**What you should do**
Return the line containing "Color, Truck Ship" and every line beneath it through the end of the entries below, unchanged. Pictures stay out.

**Dataset records**
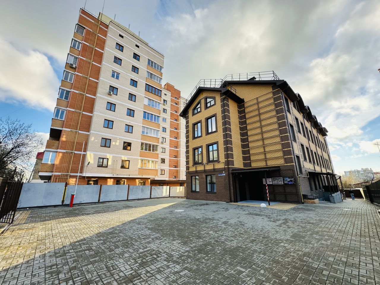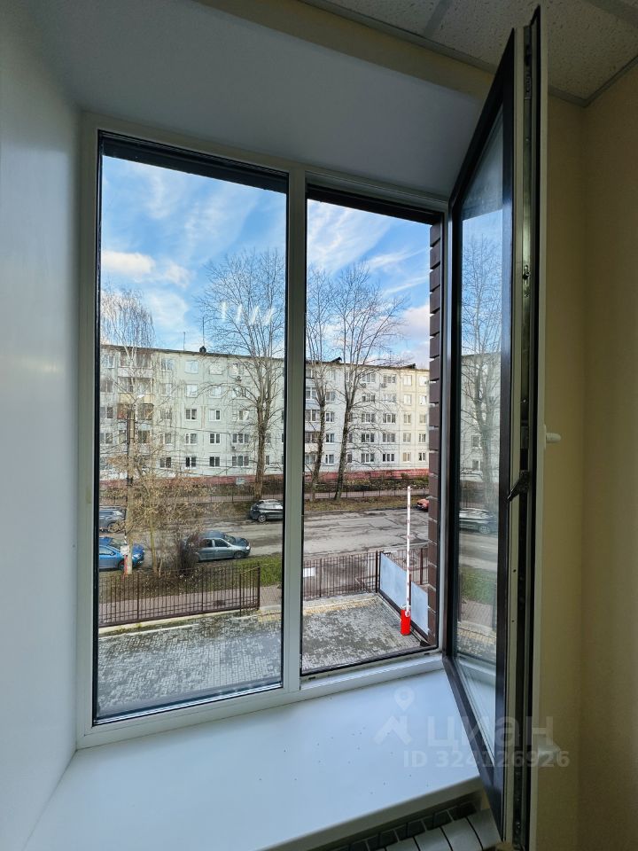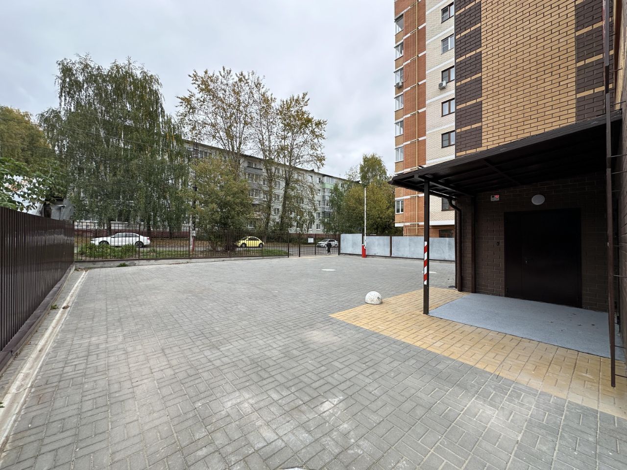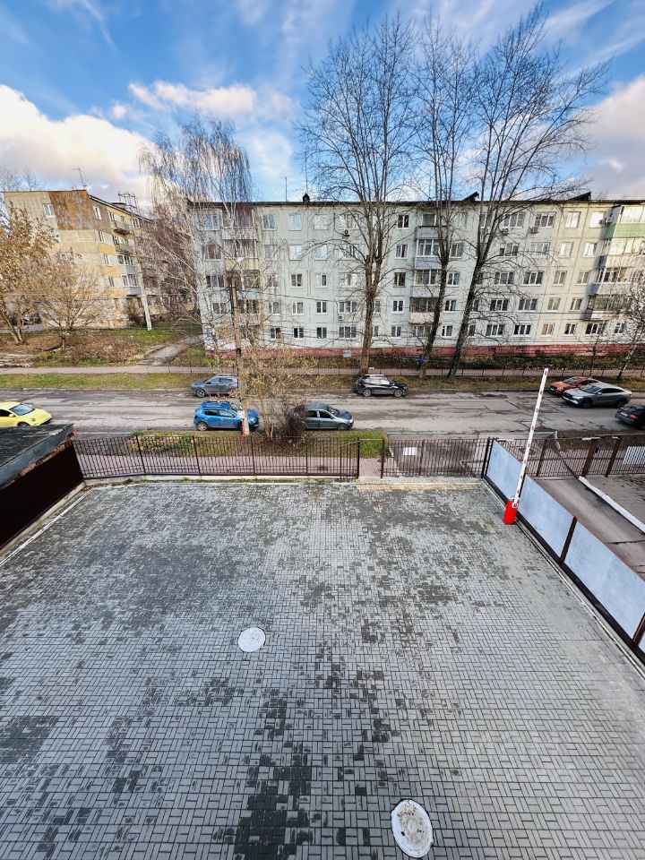 Вид из окна на центральный вход, территорию офисного здания.
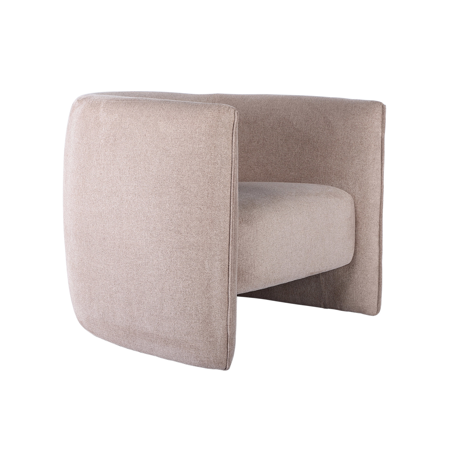 Catalog Name: 34-1/4"W x 23-3/4"D x 29"H Fabric Upholstered Curved Chair, Tan Color, Truck Ship
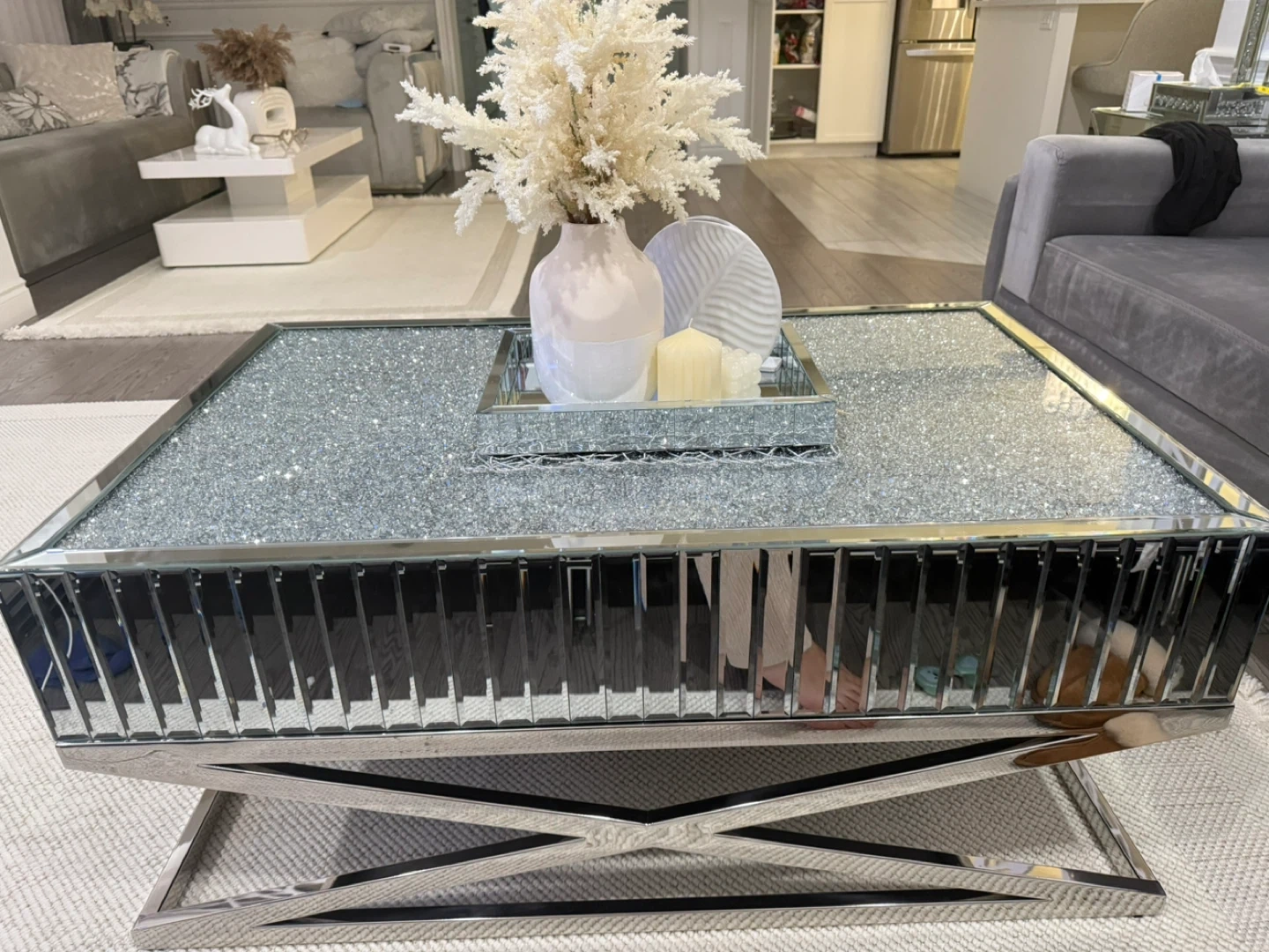 Selling a lovely coffee table with a sparkly, mirrored finish! It's in great condition and would add a touch of glamour to any living room
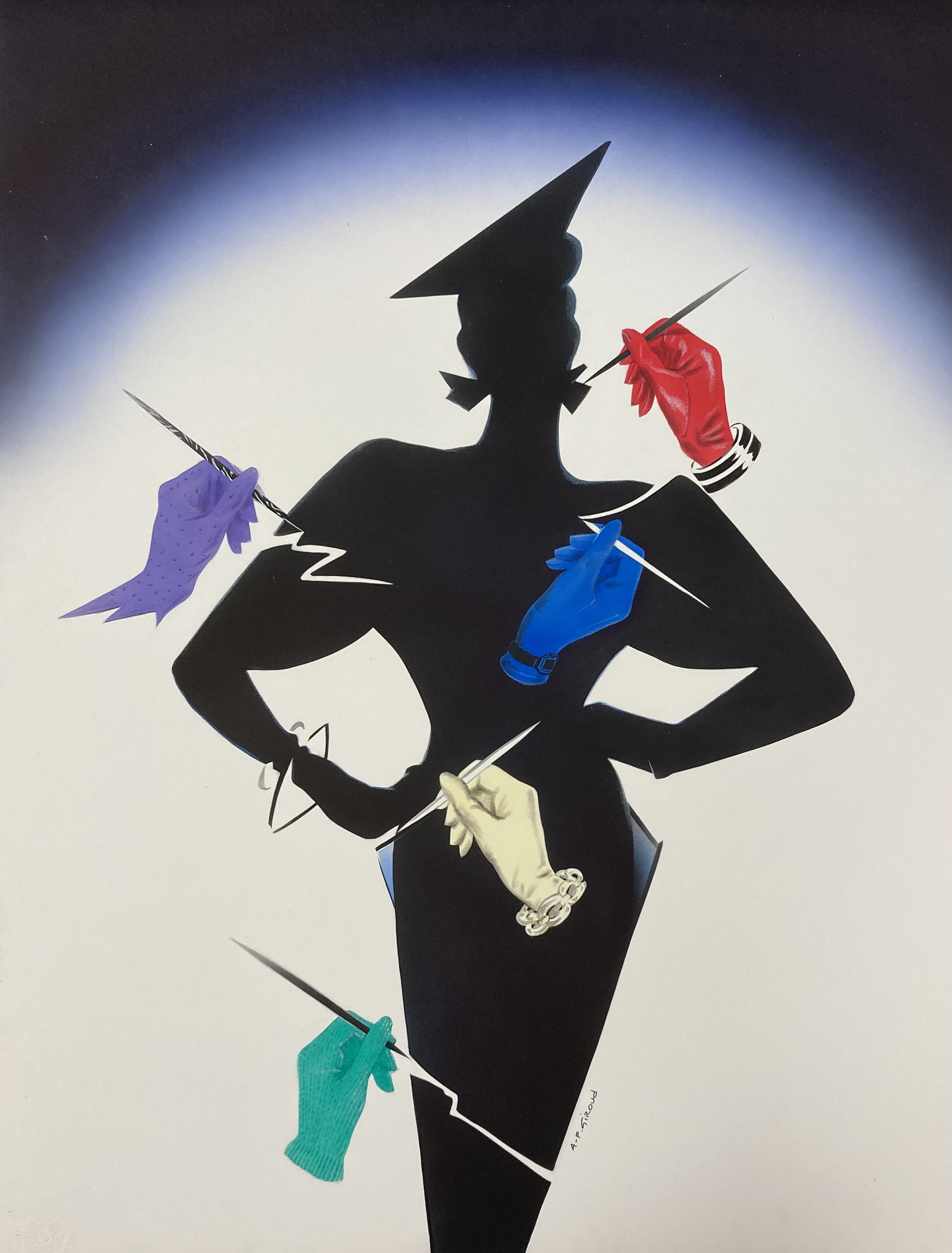 Elle peut se lire comme une métaphore de l’illustration de mode avec ces mains gantées de différentes couleurs virevoltant autour s’une silhouette à contre-jour qu’elle dessinent. Les détails et les couleurs sont réservés aux gants, la silhouette noire évoquant le glamour des films hollywoodiens des années 1940 concentre essentiellement l’attitude et la structure épaulée à la taille étranglée représentatives du « Drama Power » de l’époque dont Thierry Mugler et Claude Montana étaient alors les chefs de file.
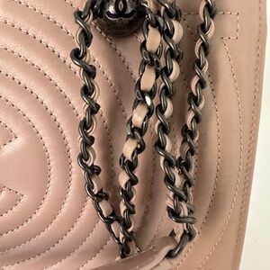 Beautiful Chanel small shopping tote made in rich calfskin leather, gunmetal hardware, front CC and stitching detail. Practical and elegant with plenty of interior space.

**Solved problem**
 Catalog Name: 34-1/4"W x 23-3/4"D x 29"H Fabric Upholstered Curved Chair, Tan Color, Truck Ship
 Selling a lovely coffee table with a sparkly, mirrored finish! It's in great condition and would add a touch of glamour to any living room
 Elle peut se lire comme une métaphore de l’illustration de mode avec ces mains gantées de différentes couleurs virevoltant autour s’une silhouette à contre-jour qu’elle dessinent. Les détails et les couleurs sont réservés aux gants, la silhouette noire évoquant le glamour des films hollywoodiens des années 1940 concentre essentiellement l’attitude et la structure épaulée à la taille étranglée représentatives du « Drama Power » de l’époque dont Thierry Mugler et Claude Montana étaient alors les chefs de file.
 Beautiful Chanel small shopping tote made in rich calfskin leather, gunmetal hardware, front CC and stitching detail. Practical and elegant with plenty of interior space.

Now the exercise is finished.